J. Marshall Reber jmarshall.reber at comcast.net
Fri Oct 28 12:37:11 CDT 2011


On Oct 28, 2011, at 10:17 AM, Bjorn Cedervall wrote:

> It is certainly clear that some people working with radium during the approx. years 1910-1940 became heavily contaminated with radium and even exhaled radon as a consequence of the radium burden (the dial painters are probably the best known examples, see Claudia Clark's Radium Girls which is great reading for anyone interested in that particular tragedy). 

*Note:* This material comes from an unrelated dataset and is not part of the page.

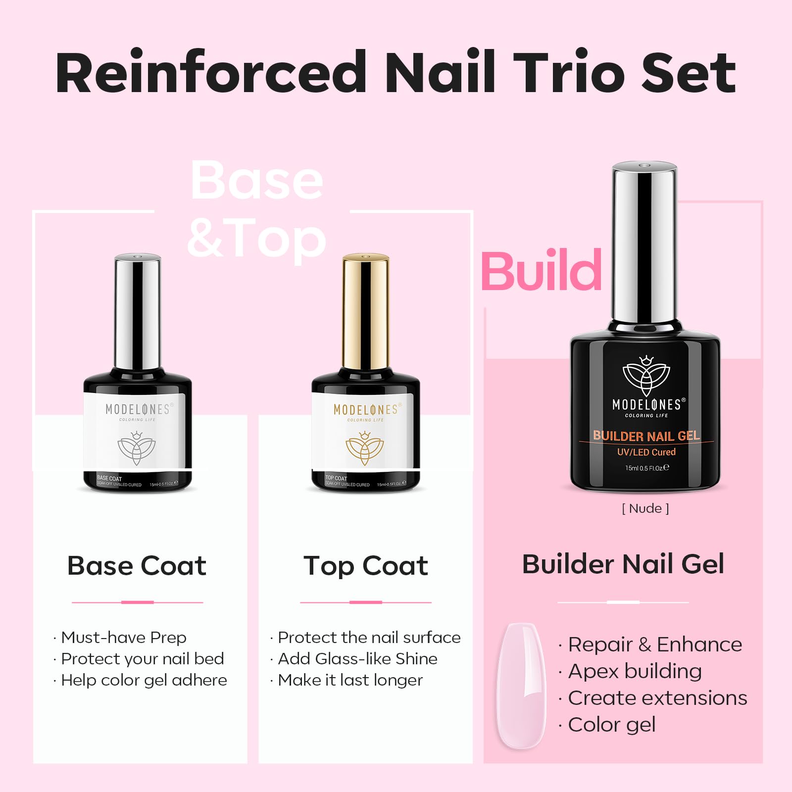30 Days No Peel-Off & No Bubbles: Modelones builder nail gel is made of professional formula, which is adjusted after 72 tests. Say Goodbye to Air-bubble and Peel-off problems. High durability clear gel builder can stay last longer and brings you natural, strong, flexible, and feather-light nails. Long-lasting for 30+ days with with proper application

Although I took Robley Evans graduate course at MIT, a good buddy was a thesis student of his.  My friend was involved in measuring the radon exhaled by many "Radium Girls" who had not developed bone cancers many years before.  It was curious that these women seemed to be living longer than the normal lifespans of unexposed women.  The real tragedy was the canceling of government support for such monitoring while many of the women were still alive!  A scientific opportunity was lost that will probably never be available again.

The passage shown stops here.